Adenosine Deaminase Deficiency (ADA disease) is one of the severe combined immunodeficiency ,which is type of disorder that affect the immune system. This disease are very rare and it lack of immune system and leaves body expose to bacteria without tough protection. This type of disease is fatal unless it should be corrected in some way. This disease are connected to the gene disease which inherited by both carrier parents which their autosomal chromosome that had been mutated and passed to their child. There is a lot of ways to cure this disease including the transfusion of blood from the high ADA donors. But there is a major problems due to this treatment which is a gene regulation. The blood have two alpha and beta chains. When one of the chain exceed thus it will causes the cell damages. Thus gene therapy is an alternative ways to cure this disease. Gene therapy is treating of genetic disorder like ADA disease by introducing into individual normal gene to replace or overcome the effect of mutated gene.
There is two type of gene therapy which is somatic cell therapy and germ-line cell therapy. Somatic cell is a treatment which is the genes are transferred into the somatic cells of a patient. Any modifications and effects will be experience by the individual patient only, and will not be inherited by the patient's child. The germ-cells is about the modification of germ cells example sperm or ovum by the introduction of functional genes which is integrated into their genomes and also this gene can be heritable to their offspring. But usually the somatic cell therapy is widely used to cure ADA disease rather than the germ-line because of this highly effective on countering the gene disease make the rise of ethical reasons. The somatic cells are modified genetically to prevent a genetic defect in off spring. It had shown successfully that ADA-corrected cells divide more faster rather than culturing white blood cells. But getting sufficient amounts of normal gene was not an obstacle. There is hundreds of human gene that had been isolate and characterized by the cloning and recombinant DNA technique. But the major obstacle was getting the DNA back into patients. The ways on how the ADA disease get cured was firstly the normal ADA from T-lymphocyte is separated and transplanted through the Retroviruses. Before that the part of the virus gene is replaced with normal human ADA gene which is needed to be transferred. When a retrovirus infects a host cell, it will introduce its RNA together with some enzymes, namely reverse transcriptase and integrase, into the cell.
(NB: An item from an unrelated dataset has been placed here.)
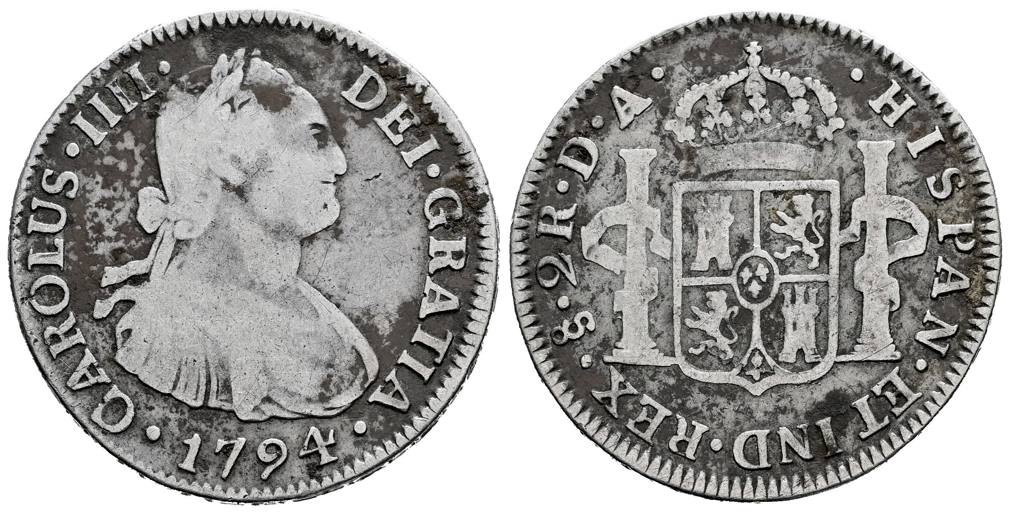 Charles IV (1788-1808). 2 reales. 1794. Santiago. DA. (Cal-691). Ag. 6,47 g. Irregular patina. Scarce. F/Choice F. Est...60,00.
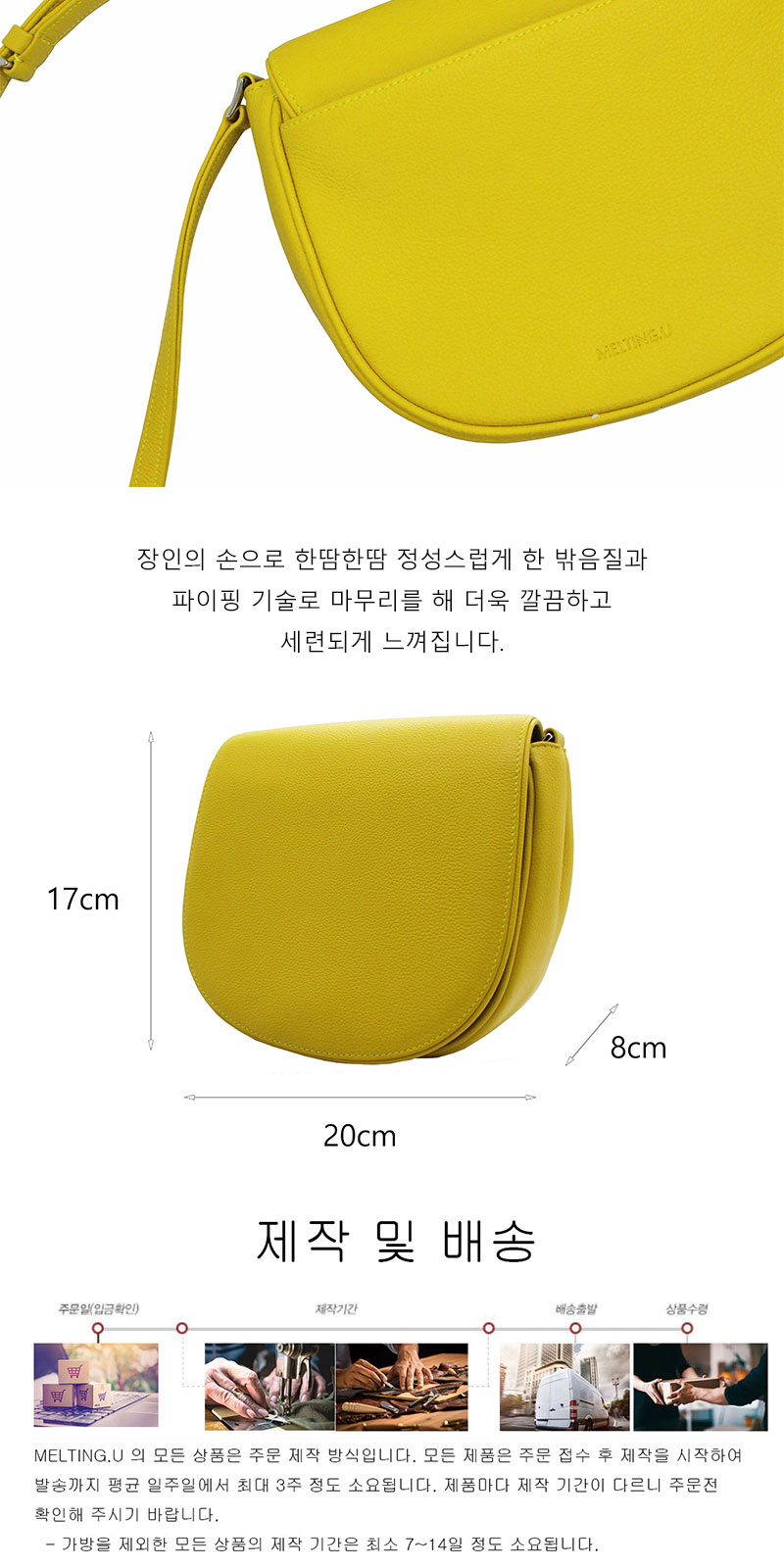 멜팅유의 모든 제품은 주문 후 제작 시스템으로 진행 되고 있습니다.가방의 경우 2~3주 정도의 제작 기간이 소요됩니다. 다만 급하게 필요하신 분들은 멜팅유 고객센터로 연락을 주시면 최대한 맞춰 드리겠습니다.

This RNA molecule from the retrovirus must produce a DNA copy from its RNA molecule before it can be integrated into the genetic material of the host cell. The process of producing a DNA copy from an RNA molecule is termed reverse transcription. It is carried out by one of the enzymes carried in the virus, called reverse transcriptase. After this DNA copy is produced and is free in the nucleus of the host cell, it must be incorporated into the genome of the host cell. That is, it must be inserted into the large DNA molecules in the cell (the chromosomes). This process is done by another enzyme carried in the virus called integrase .Now that the genetic material of the virus is incorporated and has become part of the genetic material of the host cell, it can be said that the host cell is now modified to contain a new gene. If this host cell divides later, its descendants will all contain the new genes. Sometimes the genes of the retrovirus do not express their information immediately.One of the problems of gene therapy using retroviruses is that the integrase enzyme can insert the genetic material of the virus in any arbitrary position in the genome of the host- it randomly shoves the genetic material into a chromosome. If genetic material happens to be inserted in the middle of one of the original genes of the host cell, this gene will be disrupted insertional mutagenesis. If the gene happens to be one regulating cell division, uncontrolled cell division or cancer can occur. This problem has recently begun to be addressed by utilizing zinc finger nucleuses or by including certain sequences such as the beta-globin locus control region to direct the site of integration to specific chromosomal sites.
The viral-vector is then mixed and bred together with normal human cells in laboratory. The vector later enters the normal cells then forming new genes and stays permanently inside the chromosome. The new gene is known as virus-mediated gene.The transfer of the new virus-mediated gene into the T lymphocyte cell of ADA(-)SCID 's patient is done by intravenous injection. Therefore ADA(-) gene is now repairable so that it can returns to produce normal ADA enzyme. The repaired gene of T lymphocyte cells can live normally in the receiver's body. In fact it lives longer than the unrepaired T lymphocytes. Cell implant of the repaired gene should be done continuously once in a few months. Instead, if the gene therapy can be done to bone marrow stem cell, ADA(-)SCID children may be fully cured with only one treatment without the continuous need of new ADA gene implant.